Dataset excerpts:
╔══

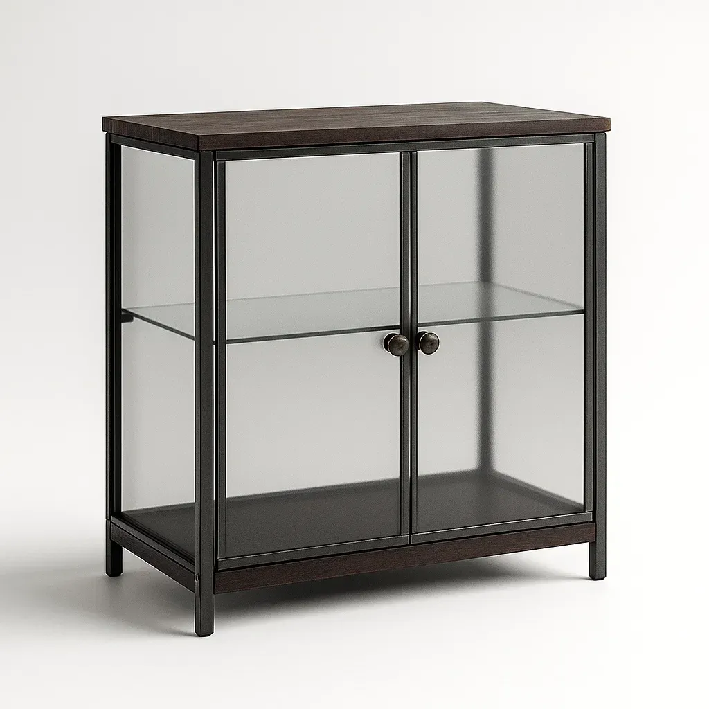 Mobile contenitore in metallo e vetro satinato con superficie in legno composito
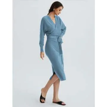 Discover the perfect blend of style and comfort with the CHERFLY Women's V Neck Sweater Dress. Made from a stretchy and soft fabric, this body-hugging dress showcases exceptional workmanship that flatters all body types. The elegant V neckline and batwing long sleeves add a touch of sophistication, making it an essential addition to every woman’s wardrobe. Whether you're attending a wedding, heading to the office, or enjoying a night out, this dress effortlessly...
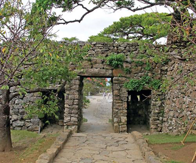 Các tòa thành Nakijin, Zakimi, Katsuren, Nakagusuku, Shuri... cùng với cổng đá Sonohyan-Utaki, lăng Tamaudun, vườn Shikinaen, di tích Seifa-Utaki... ở phía nam đảo Okinawa là những chứng tích sống động của thời kỳ hoàng kim và thịnh trị của vương quốc Lưu Cầu. Quần thể di tích kiến trúc này đã được UNESCO công nhận là di sản văn hóa thế giới vào năm 2000 và trở thành điểm du lịch hấp dẫn.
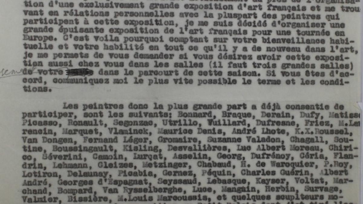 Wasily Levi escribe a Sven Strindberg, director del Liljevalchs Konsthall de Estocolmo, para informarle de que está organizando una nueva exposición de arte moderno francés y espera que él y su institución estén interesados. Incluye también la lista de artistas con los que ha contactado y quiere contar.
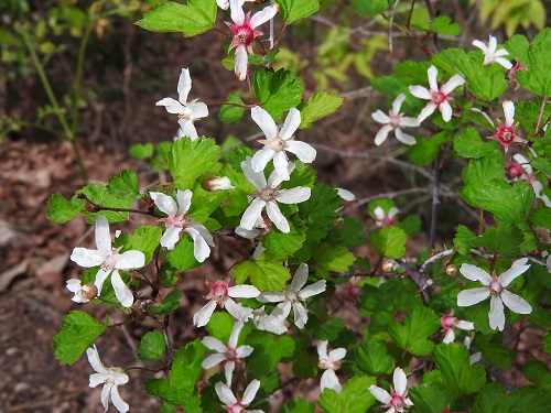 花期は4~5月で、ナガバモミジイチゴに少し遅れて、直径2~2.5cmの細い花弁の白色の花を短い枝の先に上向きに1個付けます。
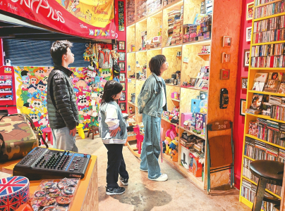 十月二十日,一家三口在太原市開化寺古玩市場(chǎng)的樂多中古店選購(gòu)二手相機(jī)、玩具。
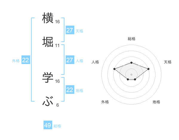 横堀 学ぶさんを姓名の画数から五運を鑑定
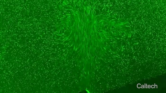 Gunnarson wanted to understand exactly how a current pushes a robot around. He attached a thruster to the wall of a 16-foot-long tank in Dabiri's lab in the Guggenheim Aeronautical Laboratory on Caltech's campus in order to repeatedly generate what are called vortex rings—basically the underwater equivalents of smoke rings. Vortex rings are a good representation of the types of disturbances an underwater explorer would encounter in the chaotic fluid flow of the ocean.

╚══

> [What the task requires]: Print exactly the lines above that run from the one with "Discover the perfect" down to the one with "横堀 学ぶさんを姓名の画数から五運を鑑定", and omit the pictures.

> [Solution]:
 Discover the perfect blend of style and comfort with the CHERFLY Women's V Neck Sweater Dress. Made from a stretchy and soft fabric, this body-hugging dress showcases exceptional workmanship that flatters all body types. The elegant V neckline and batwing long sleeves add a touch of sophistication, making it an essential addition to every woman’s wardrobe. Whether you're attending a wedding, heading to the office, or enjoying a night out, this dress effortlessly...
 Các tòa thành Nakijin, Zakimi, Katsuren, Nakagusuku, Shuri... cùng với cổng đá Sonohyan-Utaki, lăng Tamaudun, vườn Shikinaen, di tích Seifa-Utaki... ở phía nam đảo Okinawa là những chứng tích sống động của thời kỳ hoàng kim và thịnh trị của vương quốc Lưu Cầu. Quần thể di tích kiến trúc này đã được UNESCO công nhận là di sản văn hóa thế giới vào năm 2000 và trở thành điểm du lịch hấp dẫn.
 Wasily Levi escribe a Sven Strindberg, director del Liljevalchs Konsthall de Estocolmo, para informarle de que está organizando una nueva exposición de arte moderno francés y espera que él y su institución estén interesados. Incluye también la lista de artistas con los que ha contactado y quiere contar.
 花期は4~5月で、ナガバモミジイチゴに少し遅れて、直径2~2.5cmの細い花弁の白色の花を短い枝の先に上向きに1個付けます。
 十月二十日,一家三口在太原市開化寺古玩市場(chǎng)的樂多中古店選購(gòu)二手相機(jī)、玩具。
 横堀 学ぶさんを姓名の画数から五運を鑑定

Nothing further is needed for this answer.